Debeugny explained that their machine translation engines have been developed specifically for “investment finance and corporate finance.” The company’s clients are “predominantly financial institutions on the buy-side or on the sell-side — therefore, asset managers but also brokers, custodians, private banks…,” Debeugny said. Lingua Custodia is now branching out into the insurance sector “in partnership with insurance groups,” he added.

Asked what framework Lingua Custodia uses, Debeugny said they are “experimenting and monitoring various frameworks and are currently focusing on Sokeye,” Amazon’s open-source, sequence-to-sequence toolkit for NMT. “We are also dedicating a large part of our resources to our specialized data collection, classification, and cleaning processes,” he said.

MIFID & Mainstream MT

Since Lingua Custodia’s inception, “machine translation has become mainstream and there is a strong interest for domain-specialized machine translation services,” according to Debeugny. Demand is widespread, with Lingua Custodia observing “traction in all geographies and from clients of all sizes,” he said.

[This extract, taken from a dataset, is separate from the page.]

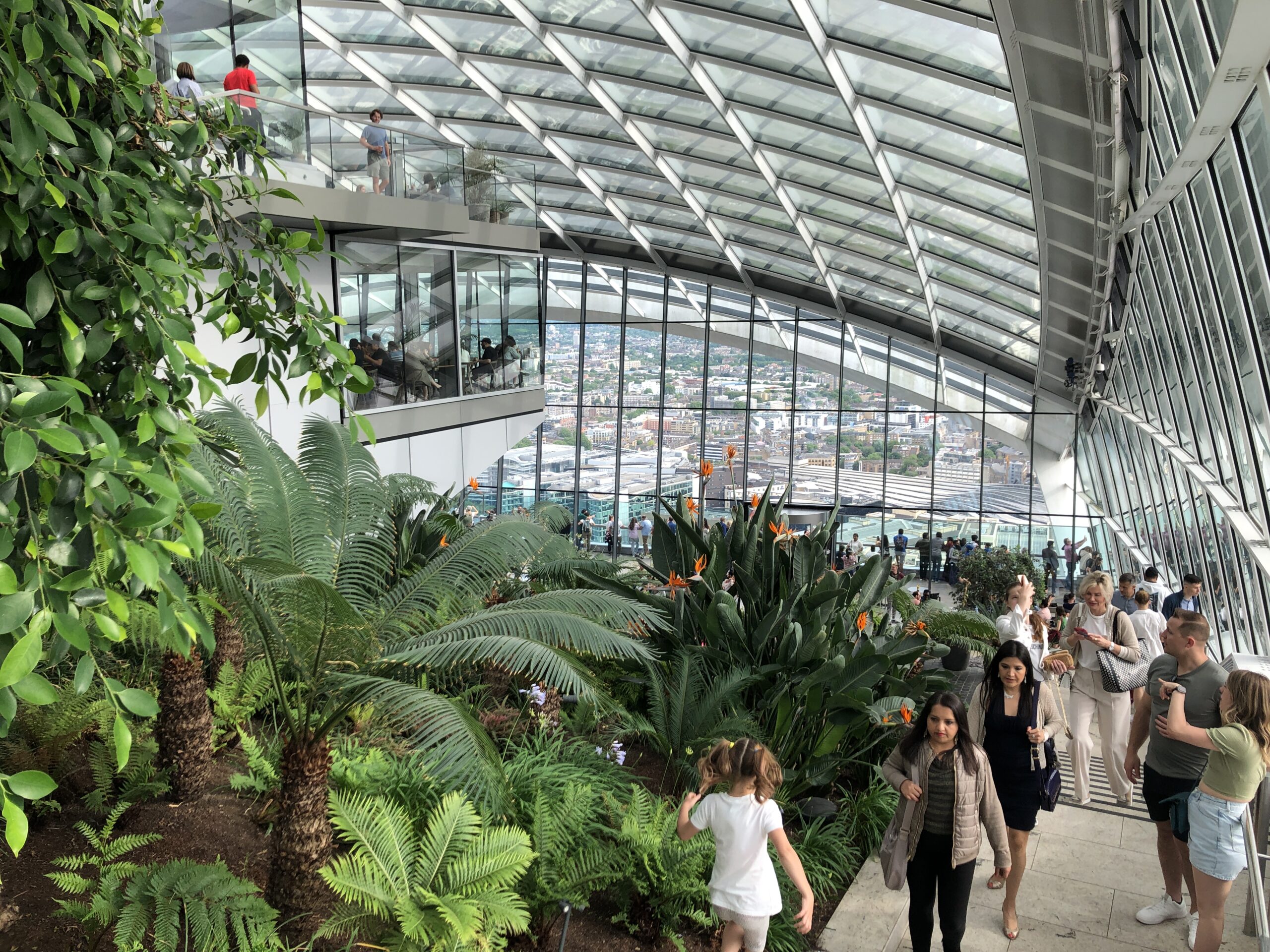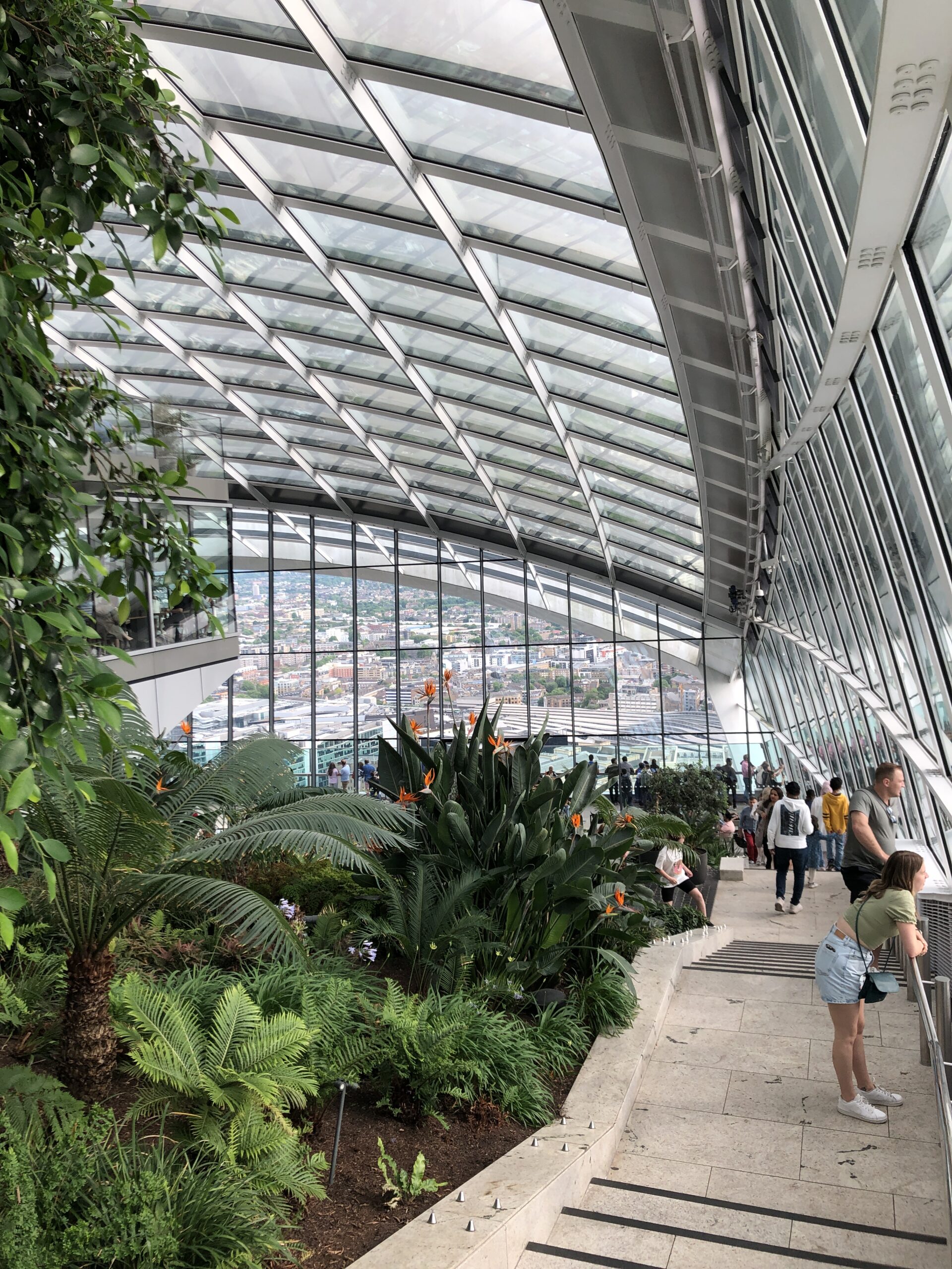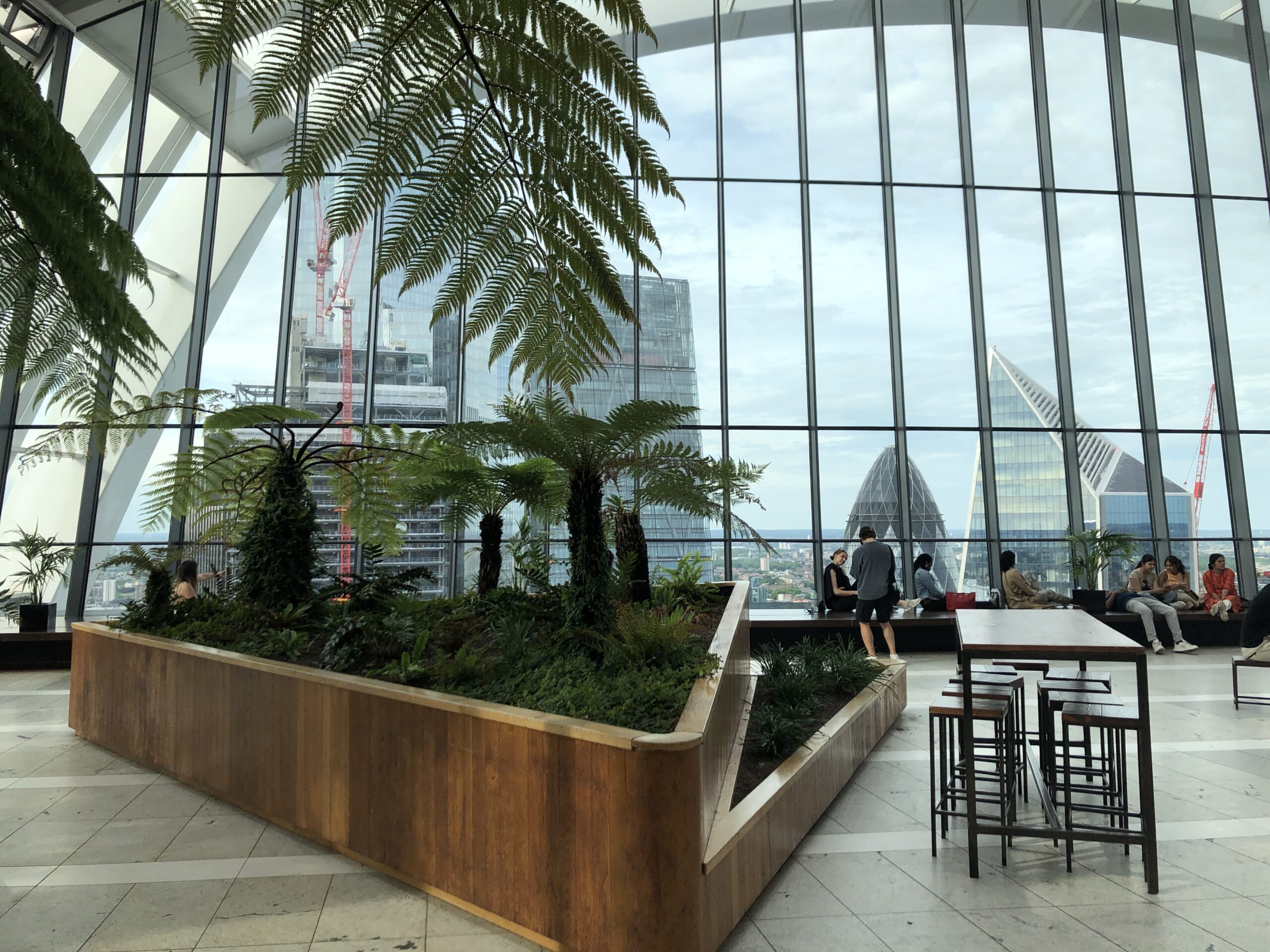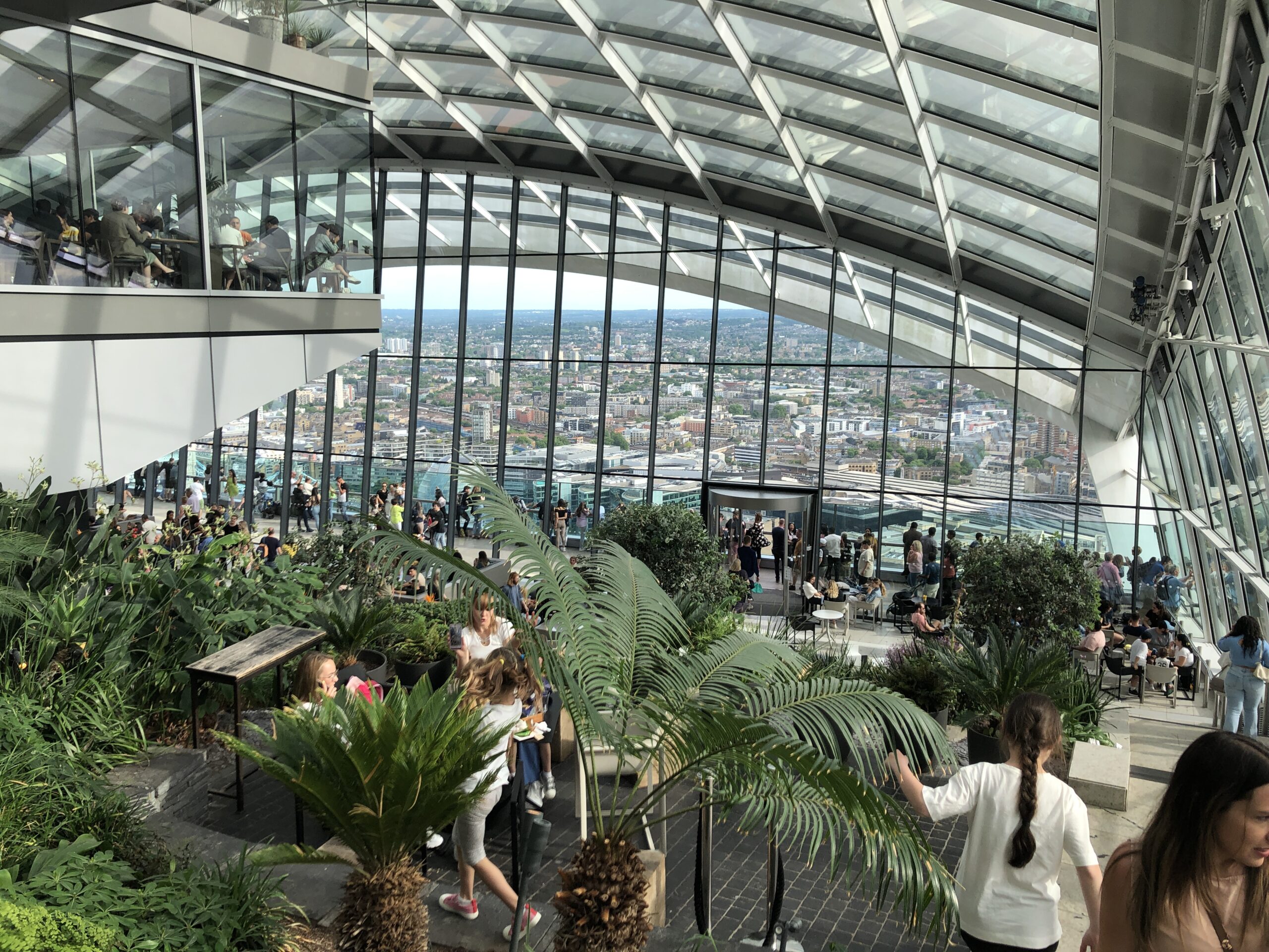 La vista da quassù è pazzesca. Ci sono vetrate enormi, piante di tutti i tipi, tavolini, lunghi banconi bar e, fortunatamente, anche i bagni.

“Machine translation has become mainstream and there is a strong interest for domain-specialized machine translation services” — Olivier Debeugny, CEO, Lingua Custodia

One factor driving demand for machine translation in the financial services space is the MIFID II directive, which was introduced in early 2018, Debeugny said: “The increasing cost of regulation for financial institutions is indeed a driver to reduce structural costs and this includes translation. This factor is definitely fuelling our growth.”

MIFID II obliges fund managers to split out research costs from commission costs, which has prompted them to look for ways to reduce spend on research (including translation of research) since they now have to be able to justify the cost to the investor.

Lingua Custodia plans to use the funds raised to open up a branch in the European investment fund hub of Luxembourg, Debeugny told Slator. The office opening, scheduled for September 2019, will see Lingua Custodia launch its first location outside France. The company also plans to expand beyond Europe’s borders and into Asia in the next two years.